Our principal, Jim Parke, is both a lawyer and a Chartered Accountant. That combination is unusual and is particularly useful in executor work, where the tax and legal questions cannot be sensibly separated.
Frequently Asked Questions
Who can be appointed as an executor in Victoria?
Any adult with legal capacity may be appointed as an executor under a will in Victoria. There is no requirement that the executor be a lawyer, accountant, family member or beneficiary. Common appointments include a spouse, an adult child, a sibling, a trusted friend, a professional adviser, a trustee company or a combination of these in succession. A person who is bankrupt, a minor, or who lacks capacity will not be granted probate and an alternative or substitute appointment will be required. Choosing an executor is one of the most important decisions in a will — the executor will be responsible for tax, property, family expectations and (often) several years of administration.
Do I have to accept the role of executor?
No. An executor named in a will is not obliged to act. Before doing any act that 'intermeddles' in the estate (such as paying a bill, collecting an asset or instructing a real estate agent), an executor may renounce the role by filing a formal renunciation with the Supreme Court of Victoria. Once an executor has accepted the role — usually by applying for probate — they cannot simply walk away; they must apply to be removed or replaced. Anyone contemplating renunciation should obtain advice before acting at all in relation to the estate.
What is probate and is it always required?
Probate is the formal recognition by the Supreme Court of Victoria that the will is the last valid will of the deceased and that the named executor has authority to administer the estate. Probate is required when assets are held with institutions (banks, share registries, superannuation funds, Land Use Victoria) that demand a grant before they will release or transfer the asset. For small estates with only jointly held assets (which pass by survivorship), or estates with only nominated superannuation and life insurance, probate may not be required. Our companion guide on probate in Victoria sets out the thresholds.
How long does estate administration take in Victoria?
The 'executor's year' is a common-law benchmark: a competent executor should expect to administer an ordinary estate within about twelve months of the date of death. Some estates legitimately take longer — estates with a property sale, an overseas asset, a family-provision claim, a tax dispute or a contested grant routinely run eighteen months to three years. Estates that drag beyond two years without obvious justification expose the executor to allegations of unreasonable delay; see our companion guide on estate administration delays and executor liability.
Are executors entitled to be paid in Victoria?
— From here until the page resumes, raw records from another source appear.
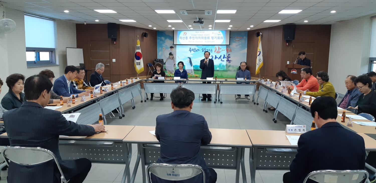 제1기 주민자치위원회는 지난 4월 8일 위촉되어 첫 정기회를 개최했으며, 이날 회의에서는 자산동 자치위원회 운영세칙을 제정하고 가결한 후, 주민자치센터의 향후 운영방안에 대한 심도있는 토의시간을 가졌고, 자치위원회 주관으로 5월 25일 개최되는 「Happy together 짐전장 빛 축제」의 성공을 위하여 위원들의 적극적인 참여와 맡은 바 역할에 대한 각오를 다졌다.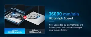 Laser B1 is equipped with a new 32 bit motherboard, which allows engraving speed up to 36,000mm/min, four times faster than ordinary laser engraving machines. In addition, TMC2209 silent drivers is used to effectively reduce the noise of operation, providing a faster and more enjoyable experience.
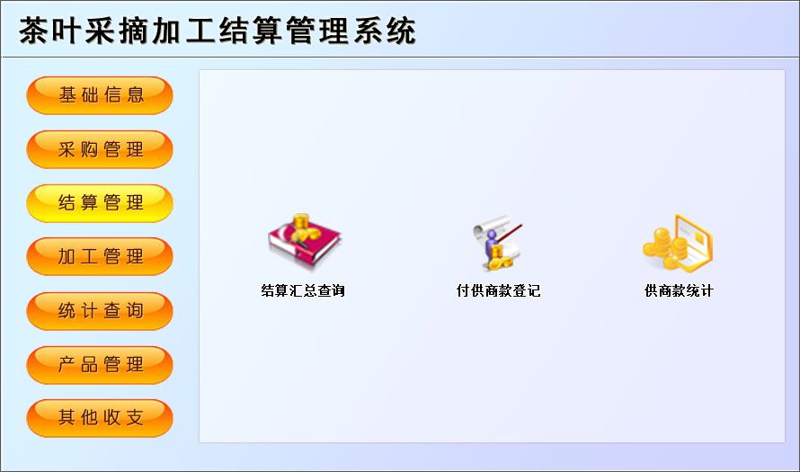 三、結(jié)算管理:結(jié)算匯總查詢、付供商款登記、供商款統(tǒng)計(jì)、績效工資登記、績效工資統(tǒng)計(jì)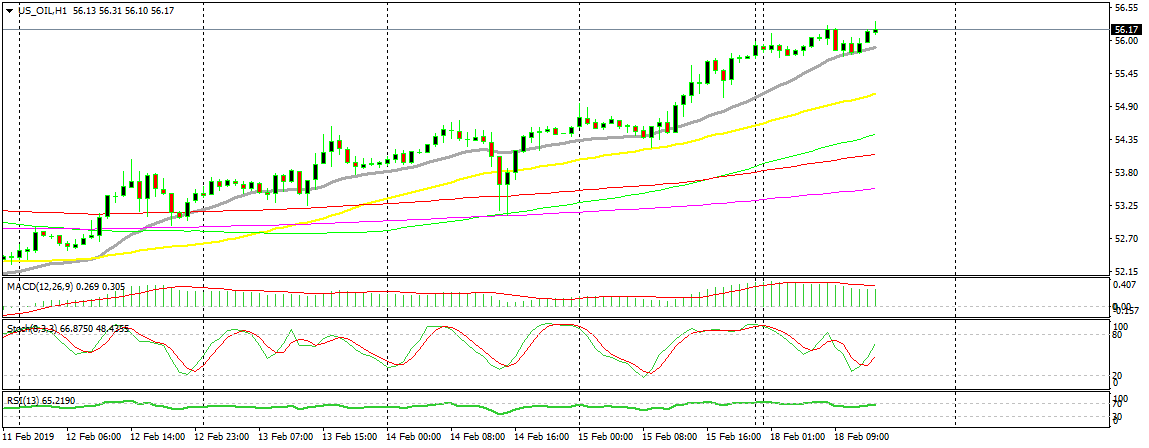 Crude Oil retraced lower during the first week of February after the bullish reversal during January. Although, that pullback lower is complete and Oil has resumed the bullish trend. In the last week, the 20 SMA (grey) has been providing support for US Crude Oil and it did so again today, so that moving average looks like a good place to look for longs on the H1 chart. Oil has also broken above the 100 SMA on the daily chart which provided resistance a couple of weeks ago, so now the upside is open for buyers until $60.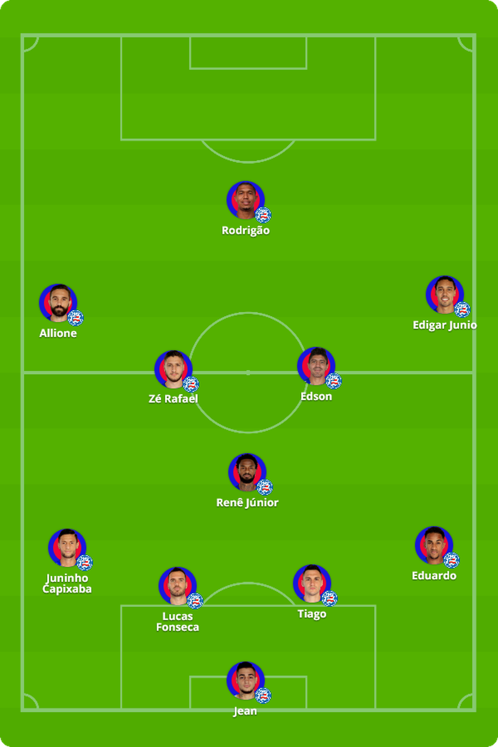 O treinador do Bahia tem uma ausência importante para o jogo desta noite. Por motivos contratuais, Mendoza não poderá enfrentar o Corinthians. Por outro lado, Allione, Thiago Martins, Matheus Sales, Edson e Tiago, que não atuaram na última rodada, voltam a ficar à disposição do treinador. O Tricolor deve ir a campo com: Jean; Eduardo, Tiago, Lucas Fonseca, Juninho Capixaba; Renê Junior; Edson, Zé Rafael, Allione e Edigar Junio; Rodrigão.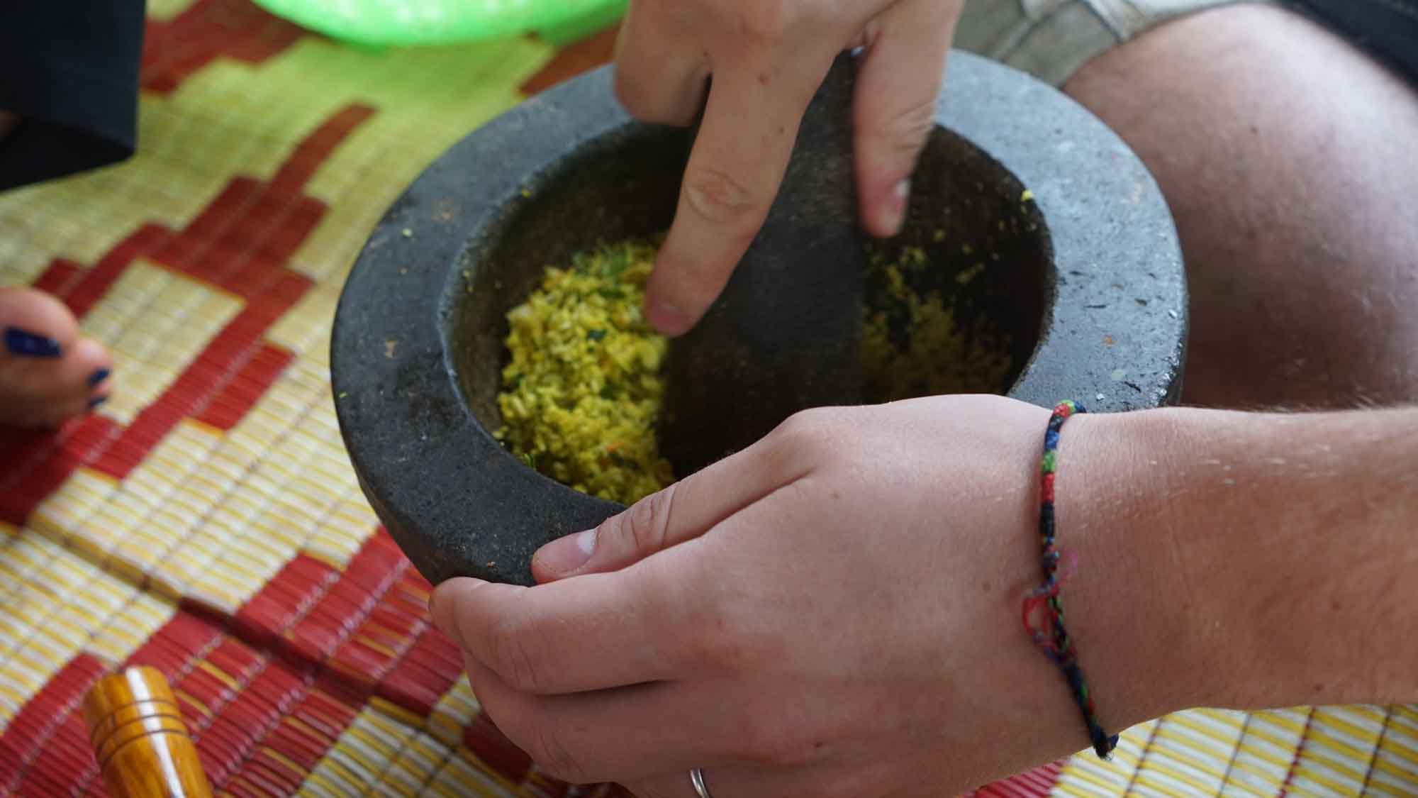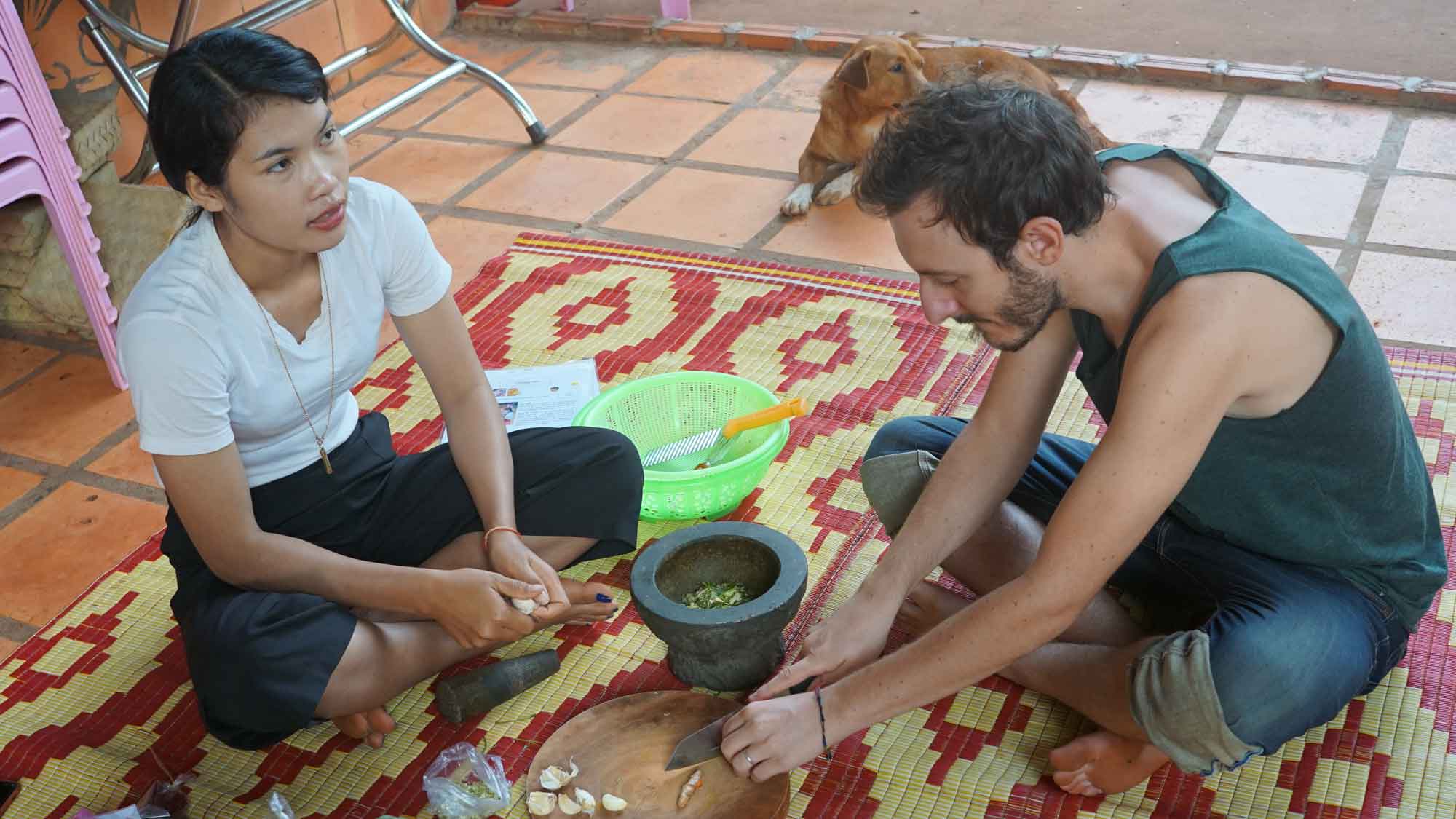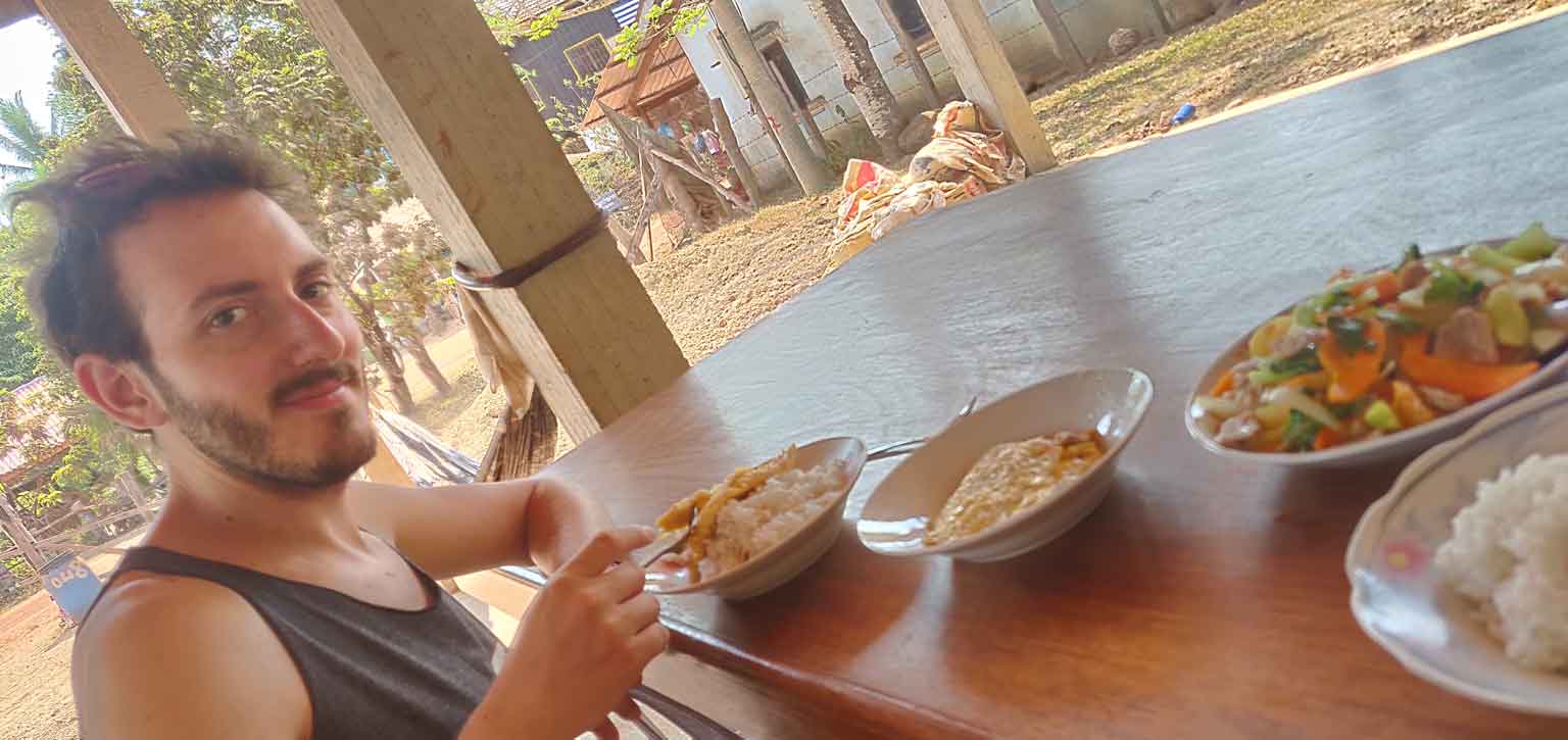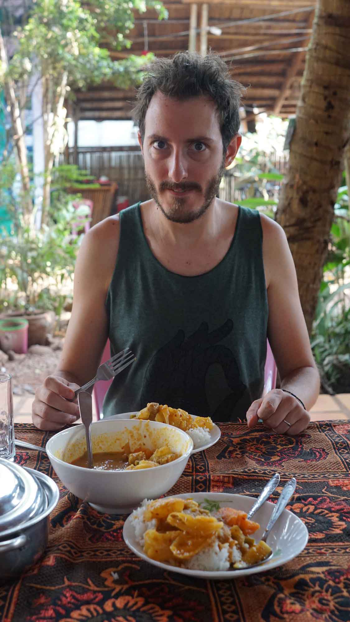 Après s’être échangé conseils et infos (Andy va à Siem Reap bientôt, et connaît bien la Nouvelle-Zélande où on va le mois prochain), on se dit au revoir le lendemain matin. Nous on restera tranquilles, à part le matin une petite séance de cuisine où on verra avec quels ingrédients se prépare le curry traditionnel.

An executor is entitled to be reimbursed for properly incurred expenses, but is not automatically entitled to commission for their work. Commission may be claimed under section 65 of the Administration and Probate Act 1958 (Vic) or under a charging clause in the will. The Court approves commission having regard to 'pains and trouble' and to the size and complexity of the estate. Professional executors (lawyers, accountants and trustee companies) generally rely on a charging clause; family executors usually act without commission. Beneficiary consent is the easiest route — without it, an application for commission may be opposed.
What are an executor's fiduciary duties?
An executor is a fiduciary. The core duties are: to act honestly and in good faith; to avoid any conflict between personal interest and duty (or to disclose and obtain consent if conflict is unavoidable); not to profit from the office (other than commission properly authorised); to act with reasonable care and diligence; to keep estate property separate from personal property; to keep accurate accounts; to act impartially between beneficiaries; and to administer the estate in accordance with the will and the law. Breach of duty exposes the executor to personal liability for any loss caused.
What happens if there are two executors and they cannot agree?
Co-executors must act unanimously. There is no majority rule. Where co-executors deadlock, the options are: negotiation; formal mediation; an application to the Supreme Court for judicial advice under section 63 of the Trustee Act 1958 (Vic); or, in serious cases, an application to remove one or both executors and appoint an administrator. Persistent deadlock is itself a ground for removal because it amounts to a failure to administer the estate. See our companion guide on co-executors who cannot agree.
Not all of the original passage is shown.